Disconnected Containers: Run Document Intelligence in your own infrastructure for data-residency or air-gapped workloads.

Examples

1. Layout Extraction with Markdown Output (for LLM Ingestion)


from azure.ai.documentintelligence import DocumentIntelligenceClient
from azure.ai.documentintelligence.models import AnalyzeDocumentRequest, ContentFormat
from azure.core.credentials import AzureKeyCredential

client = DocumentIntelligenceClient(
    endpoint="https://myco-docintel.cognitiveservices.azure.com/",
    credential=AzureKeyCredential(""),
)

with open("contract.pdf", "rb") as f:
    poller = client.begin_analyze_document(
        "prebuilt-layout",
        AnalyzeDocumentRequest(bytes_source=f.read()),
        output_content_format=ContentFormat.MARKDOWN,
    )

result = poller.result()
print(result.content[:2000])   # Markdown with headings, tables, etc.

2. Extract Invoice Fields with the Prebuilt Model


poller = client.begin_analyze_document(
    "prebuilt-invoice",
    AnalyzeDocumentRequest(url_source="https://myco.blob.core.windows.net/inv/inv-0421.pdf"),
)
invoice = poller.result().documents[0]

print("Vendor:", invoice.fields["VendorName"].value_string)
print("Total :", invoice.fields["InvoiceTotal"].value_currency.amount)

for item in invoice.fields.get("Items", {}).value_array or []:
    desc = item.value_object["Description"].value_string
    amt  = item.value_object["Amount"].value_currency.amount
    print(f"  - {desc}: {amt}")

3. Query Fields (Natural-Language Field Extraction)


poller = client.begin_analyze_document(
    "prebuilt-layout",
    AnalyzeDocumentRequest(url_source="https://myco.blob.core.windows.net/claims/claim-88.pdf"),
    features=["queryFields"],
    query_fields=["PolicyNumber", "DateOfIncident", "ClaimedAmount"],
)
result = poller.result()
for doc in result.documents:
    for name, field in doc.fields.items():
        print(name, "->", field.content)

4. Pair with Azure OpenAI for RAG Ingestion

The typical pattern for document-heavy RAG: Document Intelligence → chunks of Markdown → Azure OpenAI embeddings → Azure AI Search index.

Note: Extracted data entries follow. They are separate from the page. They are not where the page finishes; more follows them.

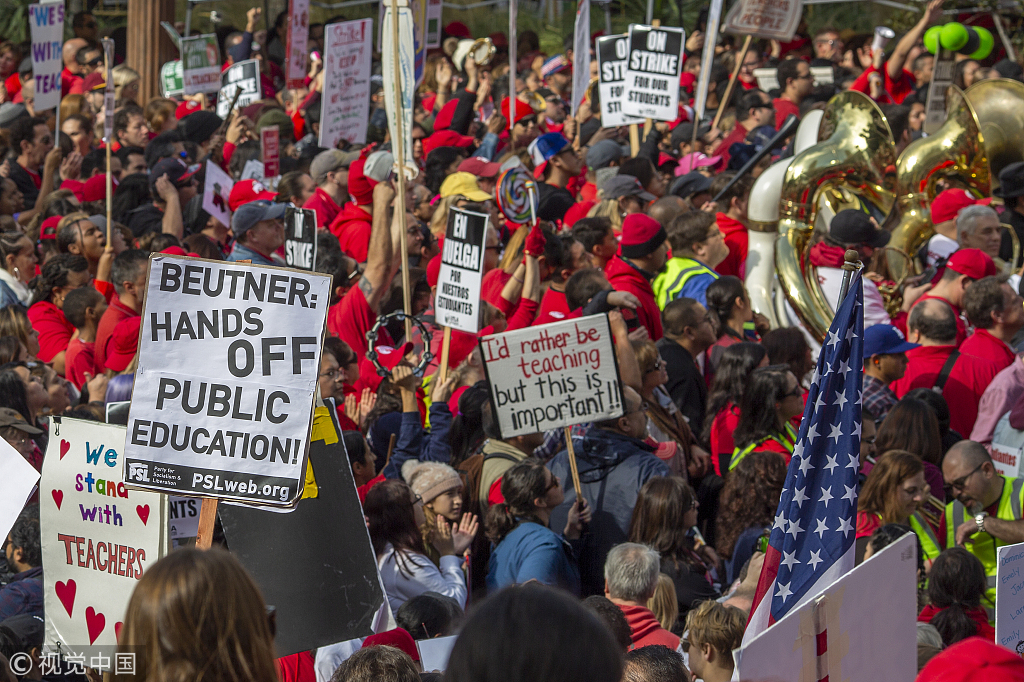 当地时间2019年1月18日,美国加州洛杉矶,数千民教师和支持者在市政厅外集会,全国第二大教师工会的罢工已经进入第五天,谈判仍在继续。来源:视觉中国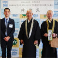 「横浜市仏教会」防災委員長を務める西郊(にしおか)良貴さん(円満寺住職・西区久保町)ら市仏教会の2人も協定書締結の瞬間に立ち会いました。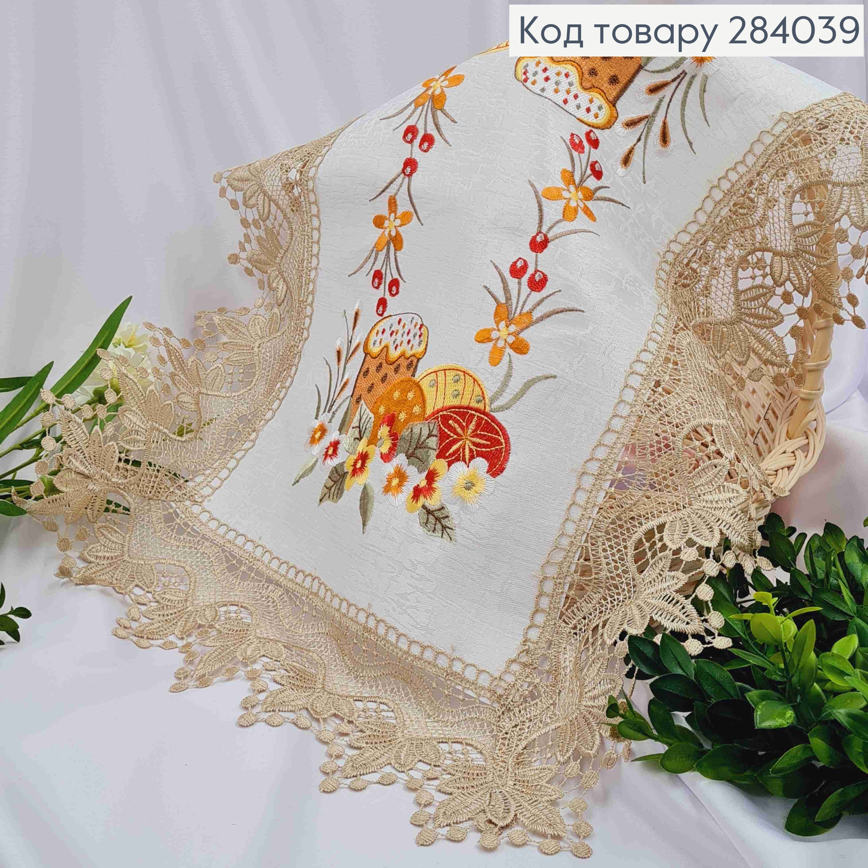 Пасхальная салфетка, с коричневым кружевом "Паска с писанками в цветах", квадратная 40*60см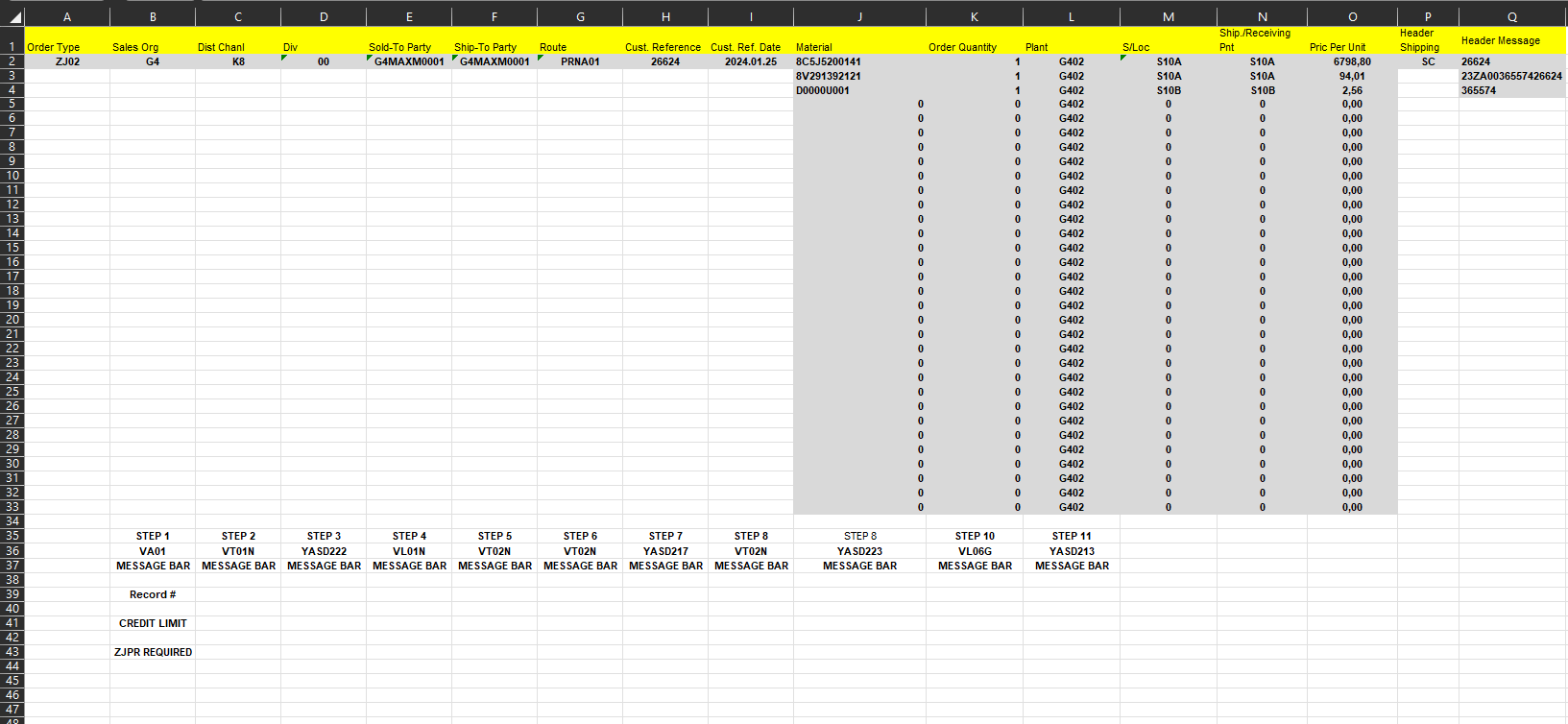 I can send additional screen shots of the various SAP steps in the specific T-CODE VA01 and where all excel data needs to be entered. The process is very time consuming and prone to human error and I'm hoping this can be automated to assist in accuracy of data upload and time efficiency.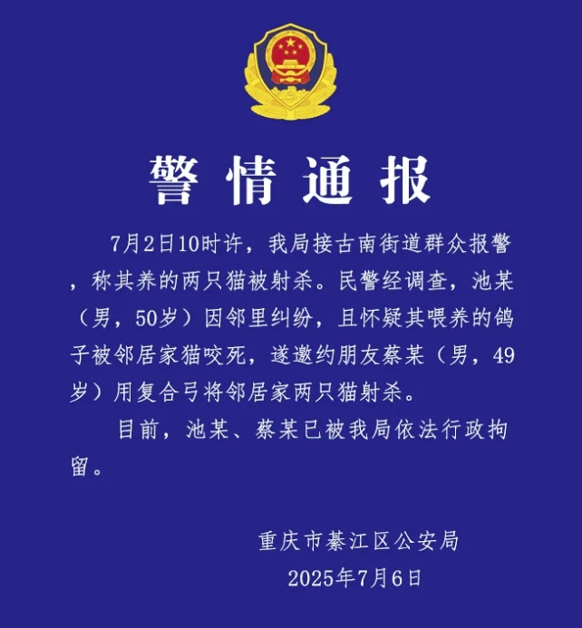 7月6日,重慶市綦江區公安局微信公眾號“平安綦江”發佈警情通報稱,7月2日10時許,我局接古南街道羣眾報警,稱其養的兩隻貓被射殺。民警經調查,池某(男,50歲)因鄰里糾紛,且懷疑其餵養的鴿子被鄰居家貓咬死,遂邀約朋友蔡某(男,49歲)用複合弓將鄰居家兩隻貓射殺。目前,池某、蔡某已被我局依法行政拘留。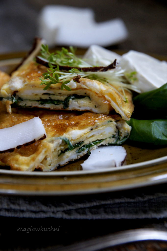 Zapraszam na lekkie śniadanie w postaci aromatycznego omletu z ziołami i kokosem. Jest delikatny aż rozpływa się w ustach , ciężko opisać go słowami dlatego musicie koniecznie spróbować. Idealny również po treningu zawiera zarówno białko jak i zdrowe tłuszcze. Polecam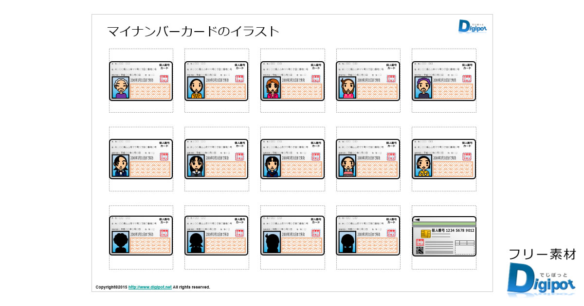フリー、無料で使えるマイナンバーカードのイラスト画像です。PPTX形式、PNG形式画像で、縁取り有りと縁取り無しの2パターン作成しております。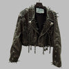 Dame skinnjakke i bikerstil med nagler og kjeder, svart punk goth metal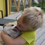 sodass wir nun 3x täglich den Garten geniessen. Da toben dann 9 Hunde und 2 Kinder herum und machen Unfug. Die Sandkiste wurde eforscht und auch der erste kleine Ausflug in Nachbars Garten stand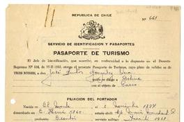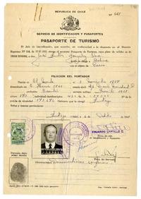 Santiago, Chile [a] José Santos González Vera Pasaporte de turismo, 6 de octubre de 1948, [manuscrito] / Servicio de Identificación y Pasaportes (Chile). 1 hoja ; 33 x 21 cm. .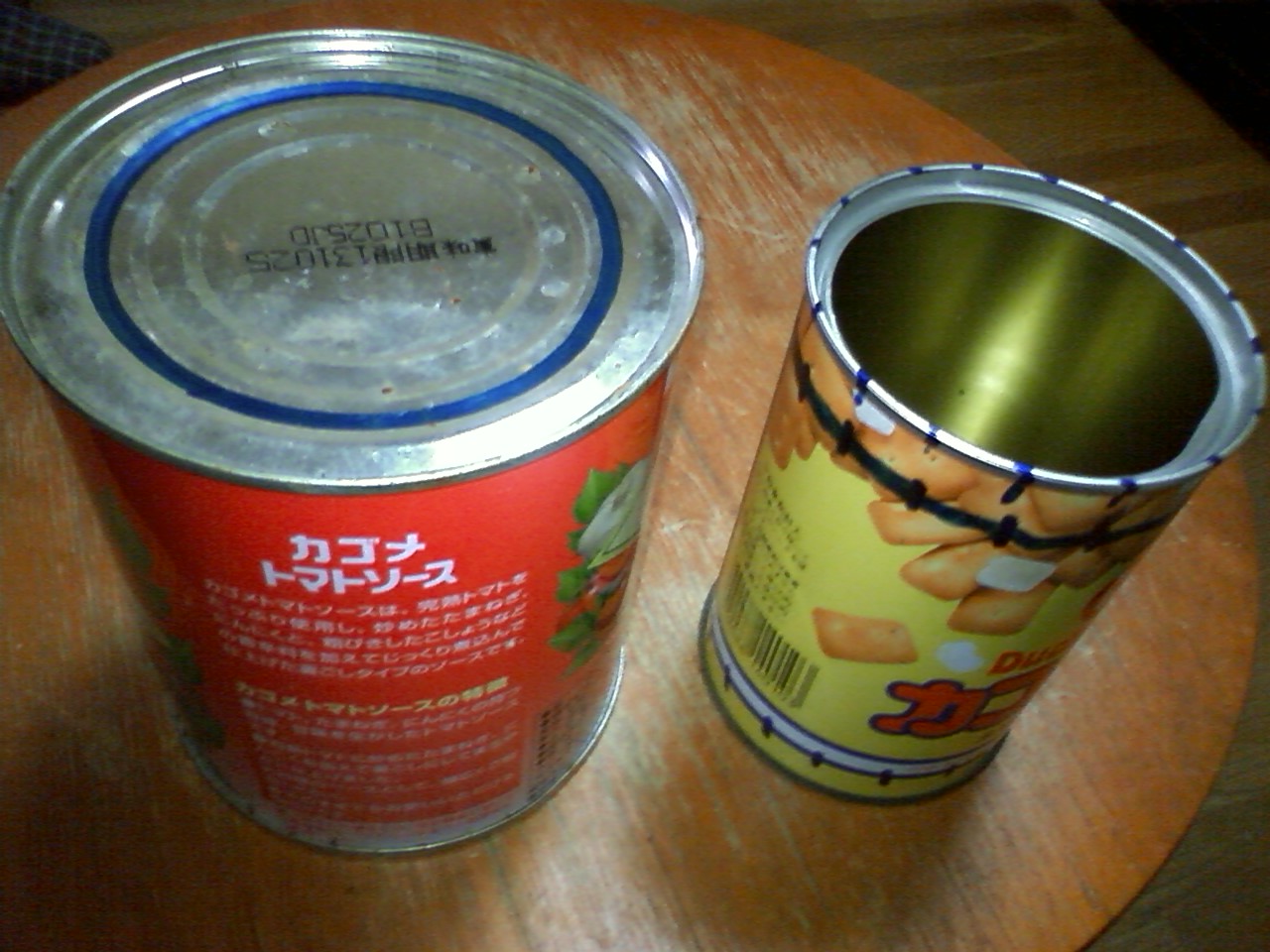 拾ってきた空き缶と、賞味期限を15年以上も過ぎた乾パンの缶詰だ。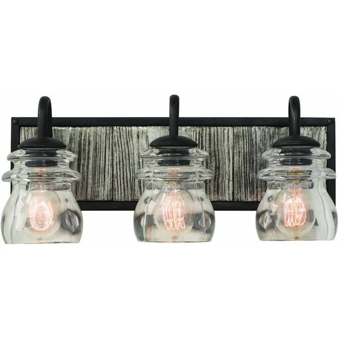 Bainbridge features Black Iron finish with a Burnt Silver Wood Backplate. Constructed of Hand Forged Wrought Iron with Clear Insulator Glass.3 Light BathE26 Medium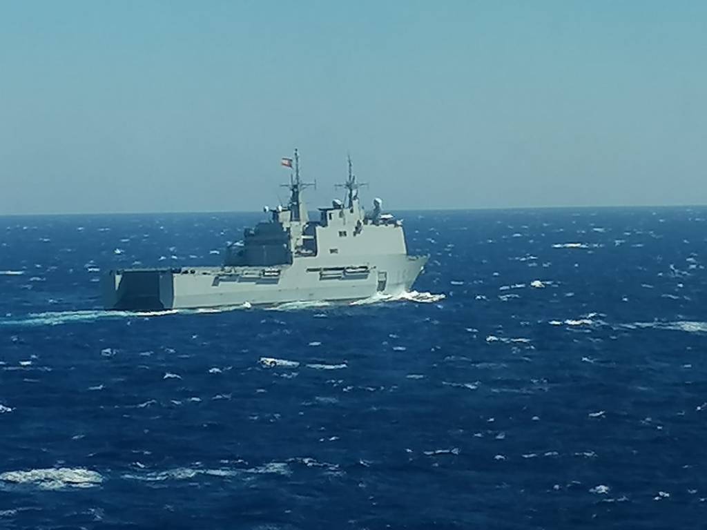 Justo tras acabar la vistosa celebración del V Centenario de la I Vuelta al Mundo que, en forma de espectacular Revista Naval, rendía homenaje a Juan Sebastián de Elcano y a los supervivientes de la nao Victoria, el buque LHD Juan Carlos I (L-61) se despedía de las aguas de la hermosa costa atlántica gaditana para cruzar el Estrecho de Gibraltar y adentrarse en el Mediterráneo, en compañía del buque LPD Castilla (L-52) y la fragata Navarra (F-85) para poner rumbo a Turquía, donde participarían en el importante ejercicio Mavi Balina 22 / Dynamic Mariner 22 organizado por la OTAN entre el 11 y el 22 de septiembre, si bien la Fuerza española estará desplegada un total de 32 días a causa de los tiempos de tránsito de ida y vuelta entre Turquía y España. No en vano tiene que navegar por el Mediterráneo de punta a punta.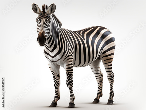 © Vitalii, Fototapeta premium Zebra standing isolated on white background. Full body. African Savanna animal. Zoo and travel. Photography generated by AI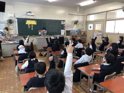 1年生で食に関する指導をおこないました。1年生は、ほとんどの子どもたちが給食を楽しみにしてくれています。しかし、半分以上の子どもたちが、野菜やごはんなど好きではない食べ物を残したり減らしたりしているようです。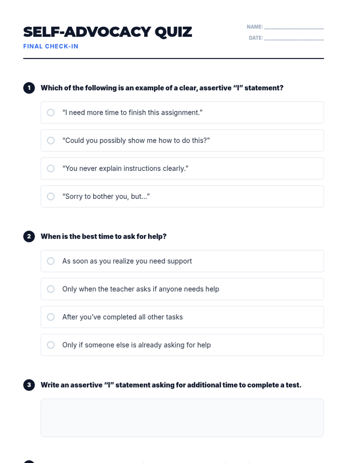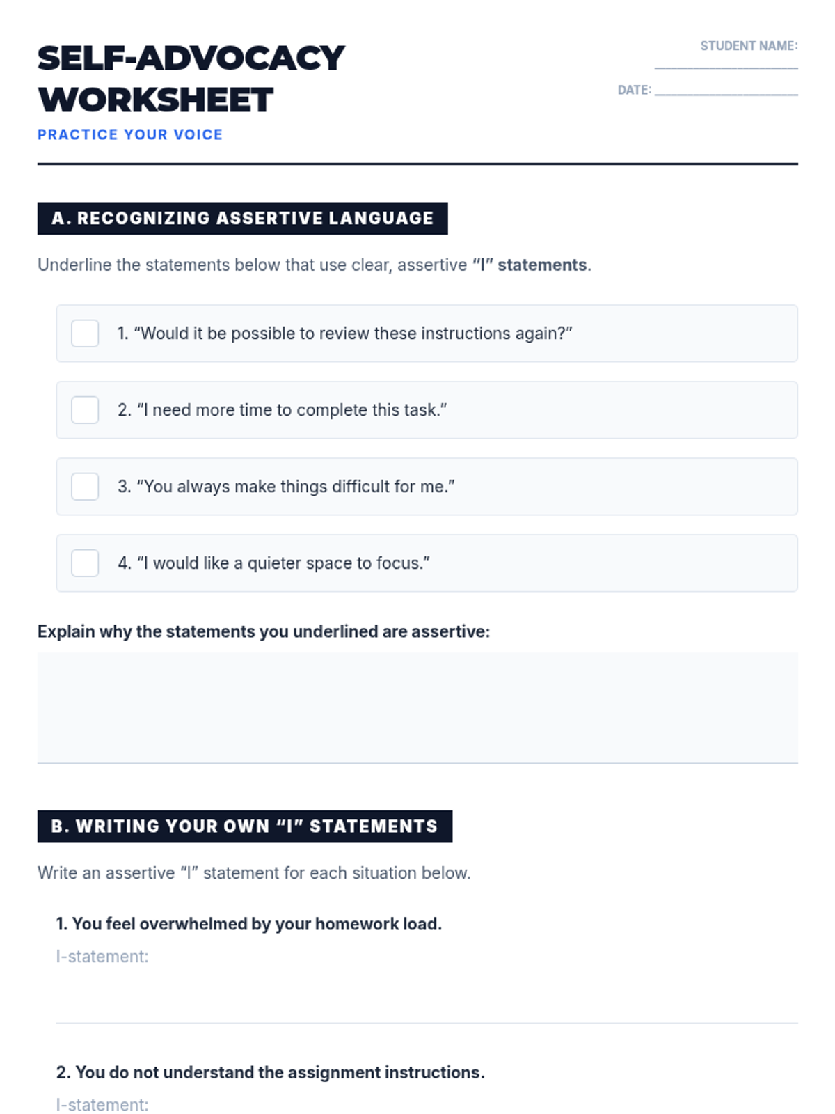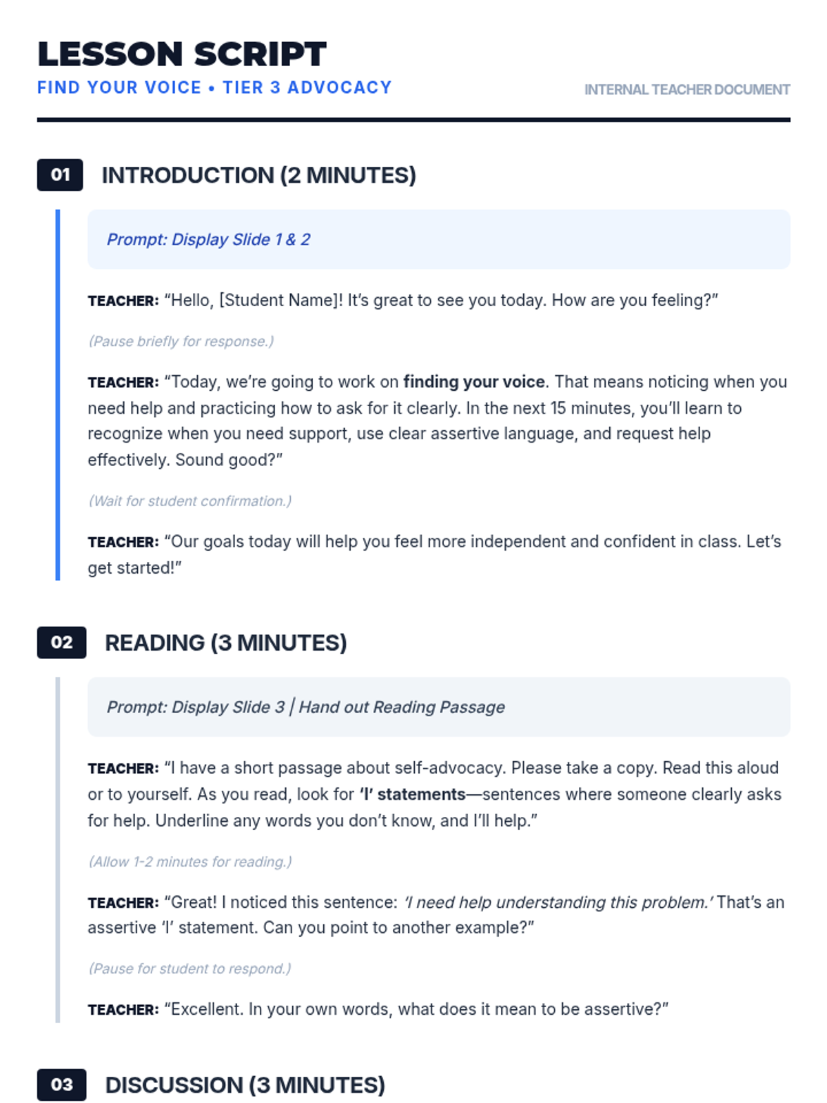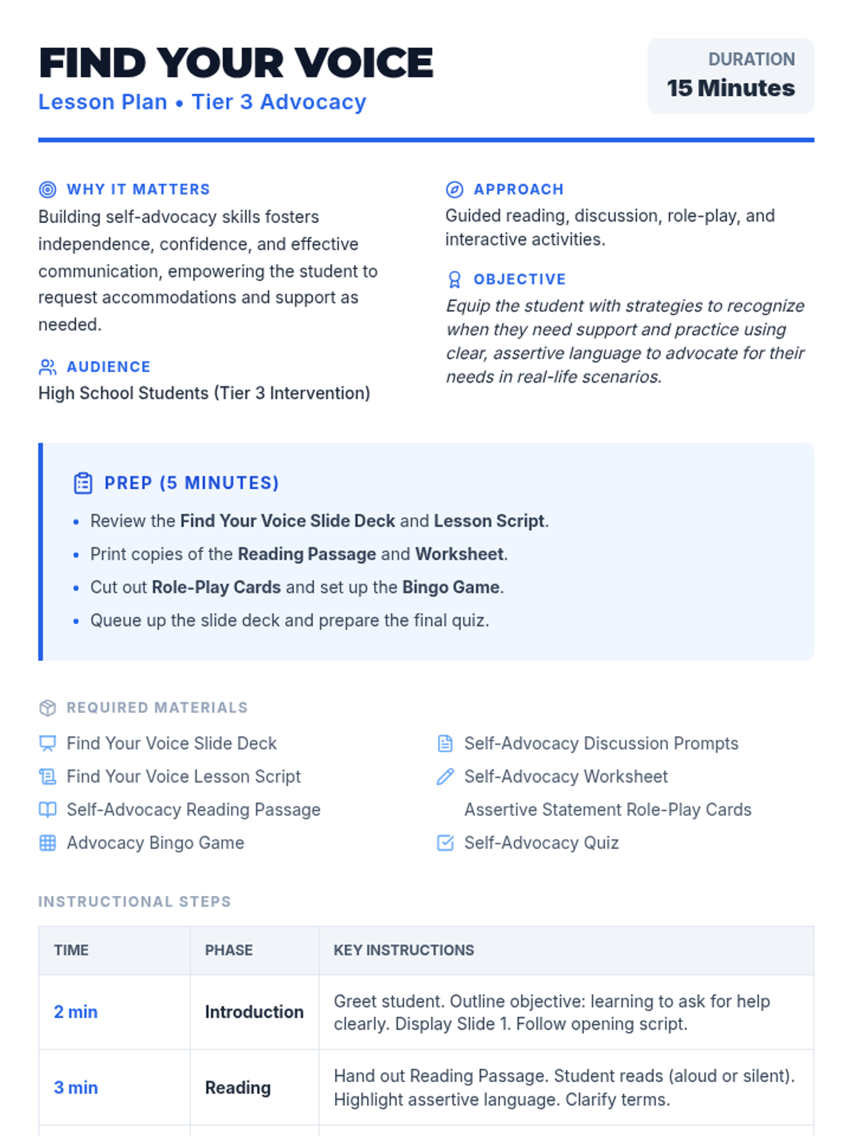 A concise 15-minute Tier 3 session designed for a 17-year-old male student with autism to build self-advocacy skills. This lesson equips the student with strategies to express needs and request support effectively, fostering independence and confidence.

# 1) Parse PDF to Markdown via Document Intelligence Layout
md = client.begin_analyze_document(
    "prebuilt-layout",
    AnalyzeDocumentRequest(bytes_source=pdf_bytes),
    output_content_format=ContentFormat.MARKDOWN,
).result().content

# 2) Chunk by headings / token count (use langchain MarkdownHeaderTextSplitter, etc.)
chunks = chunk_markdown(md, max_tokens=500)

# 3) Embed chunks with Azure OpenAI
from openai import AzureOpenAI
aoai = AzureOpenAI(azure_endpoint="...", api_key="...", api_version="2024-10-21")
vectors = aoai.embeddings.create(model="embedding-3-large-prod", input=chunks).data

# 4) Upload to Azure AI Search (see the AI Search page for index schema)
documents = [{"id": f"doc-{i}", "content": c, "content_vector": v.embedding}
             for i, (c, v) in enumerate(zip(chunks, vectors))]
search_client.upload_documents(documents)

When to Choose Document Intelligence:

You need structured fields from invoices, receipts, IDs, tax forms, contracts, or custom forms.
You're building a RAG pipeline over PDFs and want high-quality Markdown with preserved tables.
You need bounding boxes and confidence scores for downstream validation or human-in-the-loop review.
Compared to Azure AI Vision OCR: Document Intelligence understands document structure (forms, tables, reading order); use AI Vision OCR only for unstructured text in images.